Of all human senses, the sense of smell is the most sensitive and most closely related to memory and emotion. Olfaction is an intuitive sensation, unlike vision and hearing, which requires the understanding and analysis of the brain. Scientists have shown that the nose can remember up to 10,000 odors, and that olfactory memory is twice as accurate as visual memory; people recall odors a year ago with 65 percent accuracy, while recalling pictures seen three months ago with only 50 percent accuracy.

One such example is the experiment conducted by Professor Alejana Coresner of the University of Michigan's Sensory Laboratory with Mae Lun of Nanyang Polytechnic University in Singapore and Maureen Murray of Rutgers University. The three of them found that soaking pencils with the scent of tea tree oil dramatically improved their memory of the brand and other details of the pencil and lasted longer: two weeks later, those with odorless pencils had 73 percent less information to recall, while those with tea tree oil-scented pencils had 73 percent less information to recall. Only 8% of them are forgotten.

Smell marketing has three advantages, including a permanent open sense of smell, unique, and more emotional appeal. We're exposed to a lot of confusing visual and auditory marketing information every day, while we're less vigilant about scent marketing and don't usually feel bombarded by smell. Olfaction is also more emotionally appealing because it connects directly to the right limbic system, the source of emotion and emotion in the human brain.

Starbucks, Disney Park and other companies are well-known masters of the use of smell marketing. A few years ago, Dunkin'Donuts, famous for its doughnuts in China, Japan and South Korea, conducted an experiment in South Korea to promote coffee, another of its main products: when downtown advertising songs were played on buses on certain routes, the preset atomizer on the bus was sound-aware. Don't technology, and release the aroma of coffee, so that passengers can take the lead. The campaign led to a 16% increase in customers and a 29% increase in sales at the store near the bus stop. Smell is also one of the best ways to reinforce positive emotions, such as when a European home improvement store found that the use of a special fragrance emitted the smell of new lawn mowing, customers greatly improved the evaluation of employees in the store.

Many star-rated hotels are also good at using smell marketing, they emit different odors in the lobby, enhance the experience of the guests, and produce smell recognition, in order to subtly create a memory, but anyone who smells this smell, will recall the pleasant experience of staying in the hotel. The famous example is the Vanden Hyatt Hotel in France. In 2002, when the hotel planned its logo odor, the perfumers decided to use the patchouli scent because it was so low that it was thought to match the reddish-brown hue and luxurious details of the hotel. In addition, the perfumers added citrus and natural cool wood. Extracts and other odors. Eventually, the smell was described as "fresh cement poured on raw oak, with a little fresh cinnamon cake, rich thick yellow-brown silk texture smell".

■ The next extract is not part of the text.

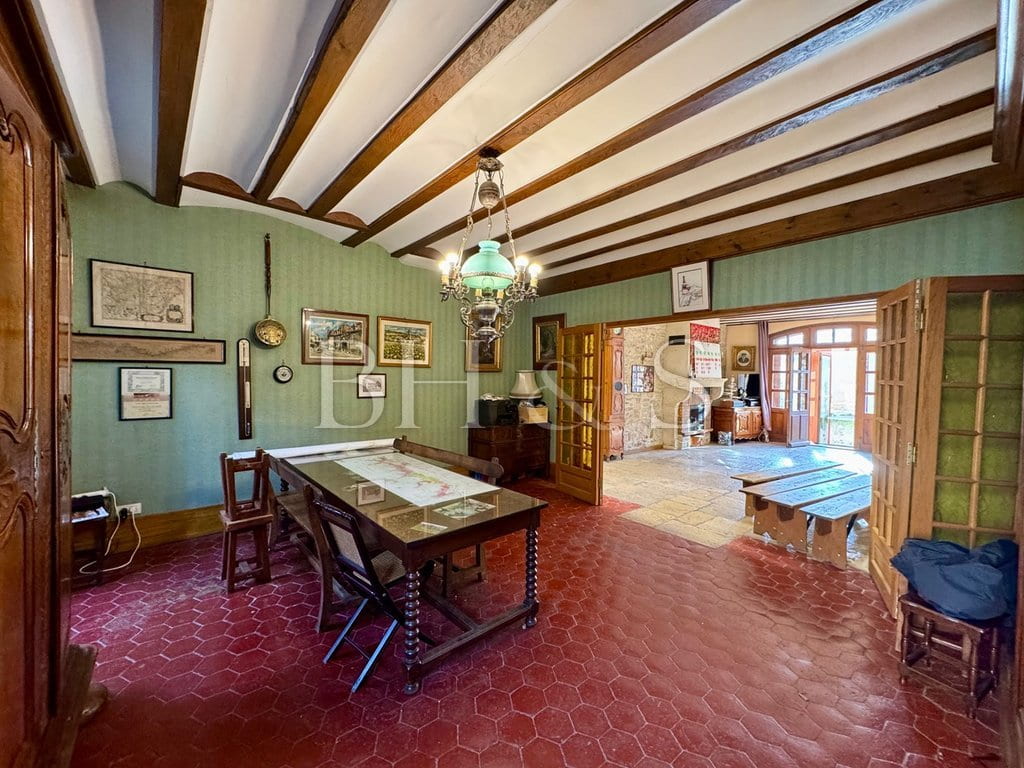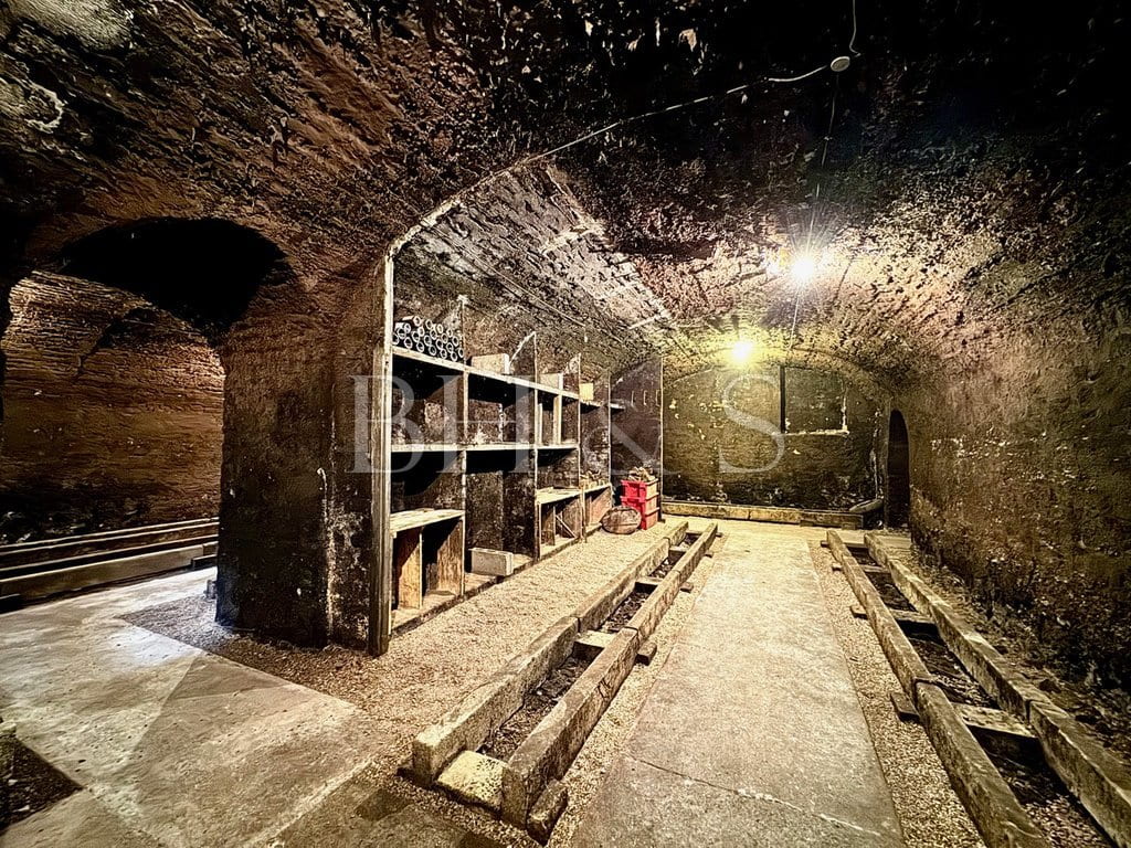 while the vast interior courtyard offers a serene setting, ideal for a pleasure garden or parking. The impressive, vaulted cellars, both in size and architecture, suggest the possibility of a wine-related activity, or could serve as a beautiful

Sensory perception has a profound impact on people's attitudes, moods, memories, and so on. Although sensory marketing has existed for many years, many companies have realized that sensory perception can deeply affect the deep part of our brain. There is a huge potential to be tapped. With the rapid development of technology, communication between companies and consumers is developing into a multi-faceted dialogue. Marketers need to find opportunities to connect with people's senses in different consumption scenarios, so that products can make their own voices through multiple channels, and use the senses to create and enhance product characteristics, so that people can remember.

Wang Xiaohong's Compiling

Wang Xiaohong is the senior editor of Harvard Business Review Chinese version in Shanghai.